**Problem**
What you return must be every line below that includes the word "white".

Dataset section start

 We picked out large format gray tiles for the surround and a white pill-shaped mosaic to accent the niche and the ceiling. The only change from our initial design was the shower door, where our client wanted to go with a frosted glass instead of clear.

Dataset section end
Dataset section start

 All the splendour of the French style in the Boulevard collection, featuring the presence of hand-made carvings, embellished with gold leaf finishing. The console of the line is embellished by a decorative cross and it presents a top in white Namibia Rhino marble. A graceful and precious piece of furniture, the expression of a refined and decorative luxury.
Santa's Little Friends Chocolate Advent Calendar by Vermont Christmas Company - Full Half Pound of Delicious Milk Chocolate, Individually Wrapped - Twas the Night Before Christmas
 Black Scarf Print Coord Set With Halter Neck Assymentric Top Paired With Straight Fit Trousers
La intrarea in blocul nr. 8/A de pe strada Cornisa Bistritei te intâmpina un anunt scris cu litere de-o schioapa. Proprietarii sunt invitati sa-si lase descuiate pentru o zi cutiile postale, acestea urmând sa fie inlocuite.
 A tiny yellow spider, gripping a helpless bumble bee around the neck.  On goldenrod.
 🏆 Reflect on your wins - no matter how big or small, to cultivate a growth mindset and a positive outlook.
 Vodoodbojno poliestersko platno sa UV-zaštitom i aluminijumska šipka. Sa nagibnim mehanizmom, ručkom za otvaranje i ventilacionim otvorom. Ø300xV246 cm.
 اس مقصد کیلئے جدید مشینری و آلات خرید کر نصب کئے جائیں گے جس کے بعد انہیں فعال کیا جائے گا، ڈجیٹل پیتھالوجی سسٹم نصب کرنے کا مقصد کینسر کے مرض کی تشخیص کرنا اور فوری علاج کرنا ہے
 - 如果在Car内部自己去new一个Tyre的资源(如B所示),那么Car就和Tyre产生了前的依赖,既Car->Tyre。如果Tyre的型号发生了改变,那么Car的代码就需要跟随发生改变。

Dataset section end

**Answer area**
 We picked out large format gray tiles for the surround and a white pill-shaped mosaic to accent the niche and the ceiling. The only change from our initial design was the shower door, where our client wanted to go with a frosted glass instead of clear.
 All the splendour of the French style in the Boulevard collection, featuring the presence of hand-made carvings, embellished with gold leaf finishing. The console of the line is embellished by a decorative cross and it presents a top in white Namibia Rhino marble. A graceful and precious piece of furniture, the expression of a refined and decorative luxury.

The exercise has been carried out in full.